In 1991, Bonnie HeavyRunner Craig, now married and raising a daughter and son, became the director of the fledgling Native American Studies program at the University of Montana. At the time, the program offered courses to supplement other degrees, but HeavyRunner dreamed of a Native American Studies Department that offered its own major. She also aspired to create a more welcoming and culturally understanding academic climate for Native students. Despite being diagnosed with ovarian cancer just one year into her new job, HeavyRunner put her full effort into making her goals a reality.
HeavyRunner mentored over three hundred American Indian students in her six years at UM, helping them navigate the world of academia, get scholarships, pay for childcare, and stick to their educational goals. She reached out to the university community to make the campus a more inclusive place, one that recognized and promoted cultural diversity. For her work, she earned numerous community service awards, including the Robert T. Pantzer Award for making UM a more humane, compassionate learning environment and the Joann Youngbear Community Service Award for improving the well-being of the Indian community.
In 1996, HeavyRunner triumphed when the university offered an undergraduate major in Native American Studies for the first time. HeavyRunner strongly believed that education could build bridges between people and could strengthen communities. Having spent many years advocating for American Indian issues and cultural diversity, HeavyRunner knew that making Native American Studies its own discipline would generate greater awareness of American Indian cultures, histories, and current events among students and faculty. She hoped this better understanding would also reduce anti-Indian prejudices.

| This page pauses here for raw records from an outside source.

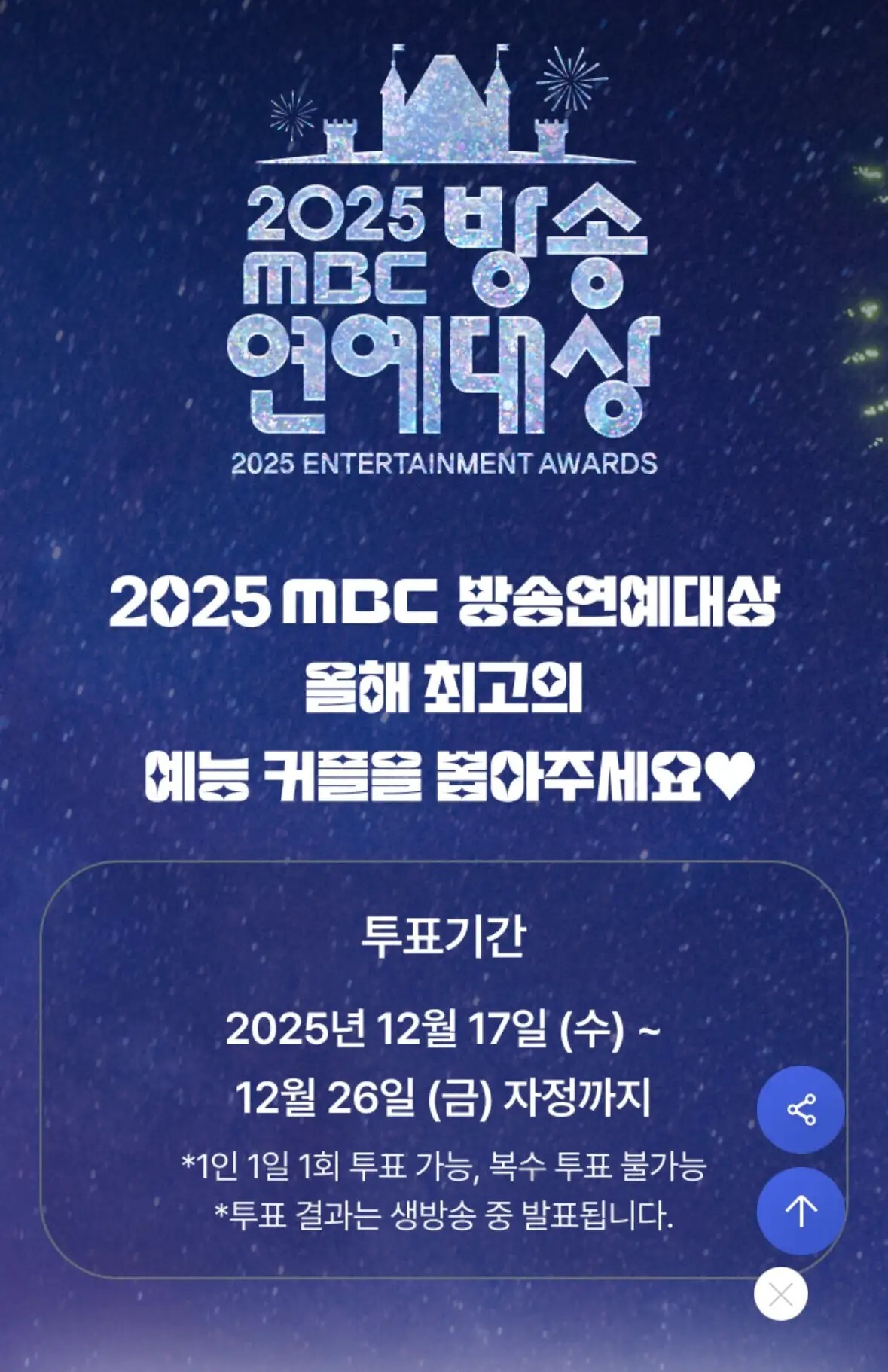 2025 MBC 연예대상 베스트 커플상 후보 공개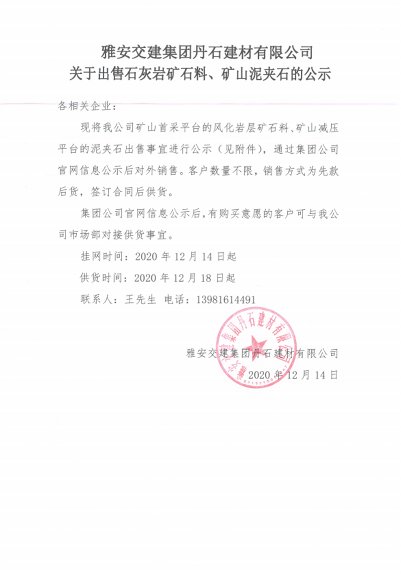 雅安交建集團(tuán)丹石建材有限公司關(guān)于出售石灰?guī)r礦山料、礦山泥夾石的公示
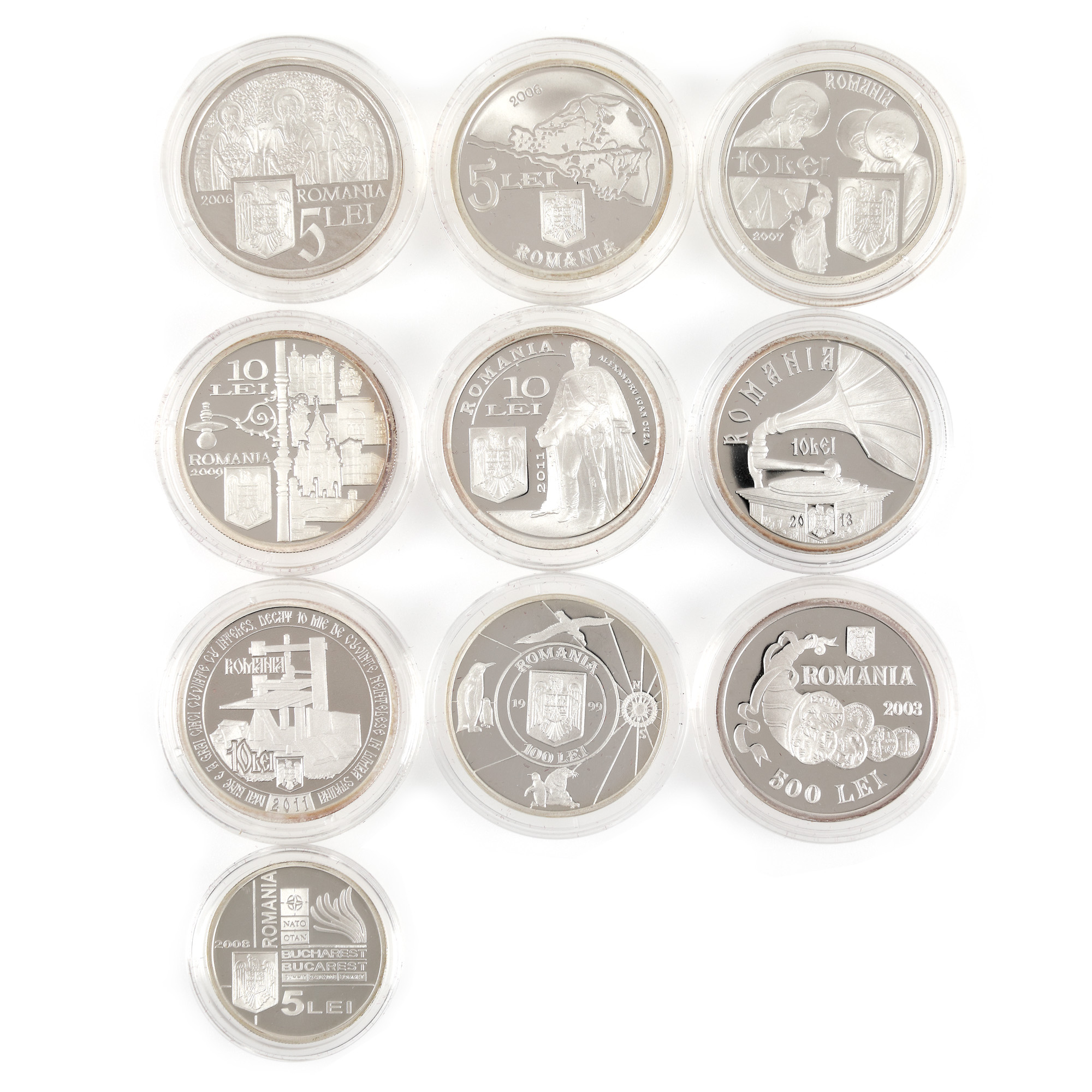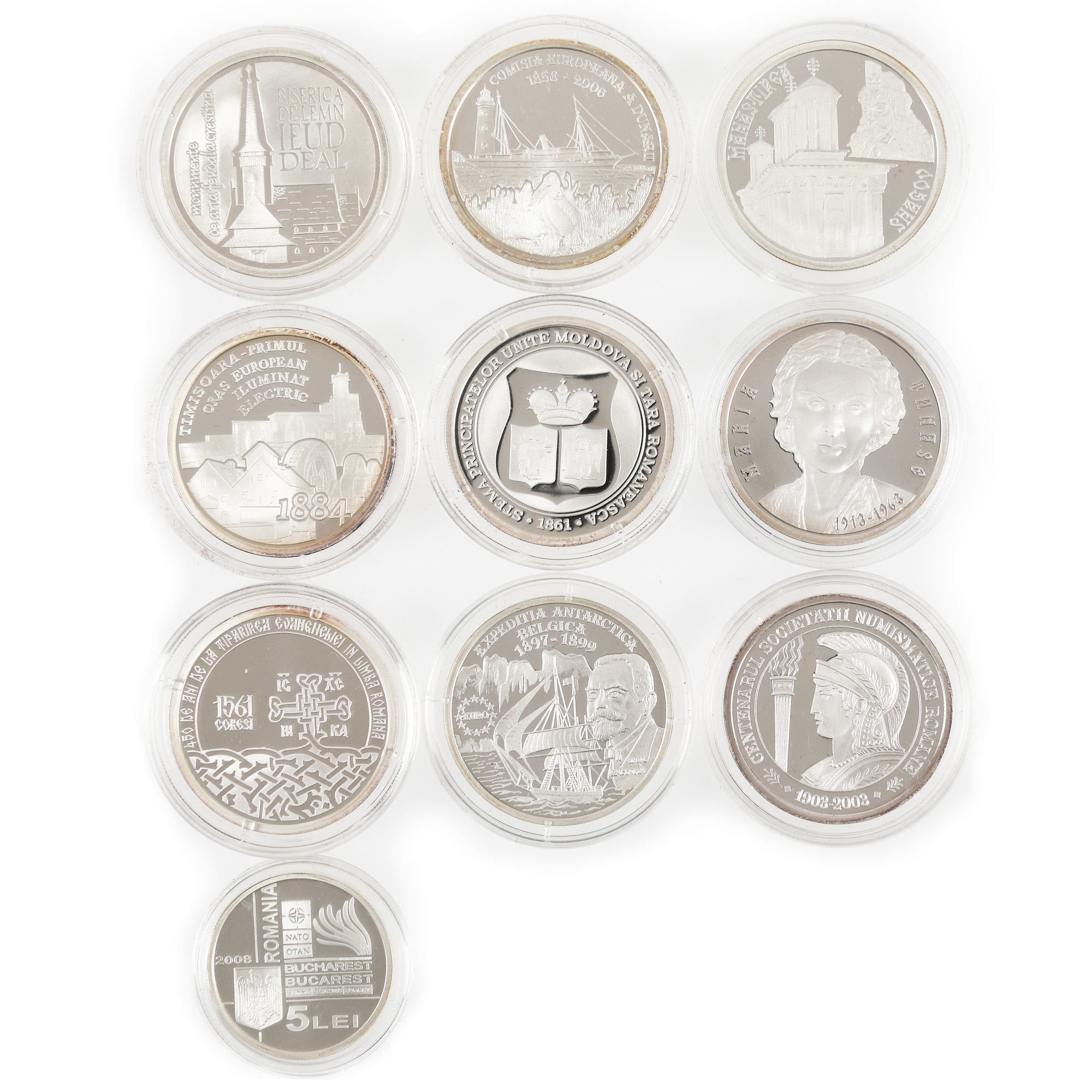 150 de ani de la înființarea Comisiei Europene a Dunării 2006, Summitul NATO 2008, 450 de ani de la tipărirea Evangheliei în limba română 2011, Expediția Antarctica Belgica 1999, 150 de ani de la crearea stemei Principatelor Unite Moldova și Țara Românească 2011, 100 de ani de la nașterea Mariei Tănase 2013, Mănăstirea Snagov 2007, Timișoara - Primul oraș european iluminat electric 2009, Monumente de artă feudală creștină - Biserica de lemn Ieud Deal 2006, Centenarul Societății Numismatice Române 2003

In addition to being the founding director of, and driving force behind, UM’s Native American Studies Department, HeavyRunner served on the university’s Diversity Council, the board of the National Indian Justice Center, and Montana’s advisory committee to the U.S. Civil Rights Commission. She founded the Kyi-yo Native Academic Conference that brought together indigenous scholars during UM’s annual Kyi-yo powwow and continued to advocate for Indian people’s health and well-being even as her own health was failing.
HeavyRunner never let her struggle with ovarian cancer deter her from her path. While undergoing chemotherapy, she sought help from Native healers to maintain her spiritual health. She openly discussed her condition, allowing her illness and the treatments she chose to become another avenue of advocacy for improved care for American Indians and, indeed, for all cancer victims.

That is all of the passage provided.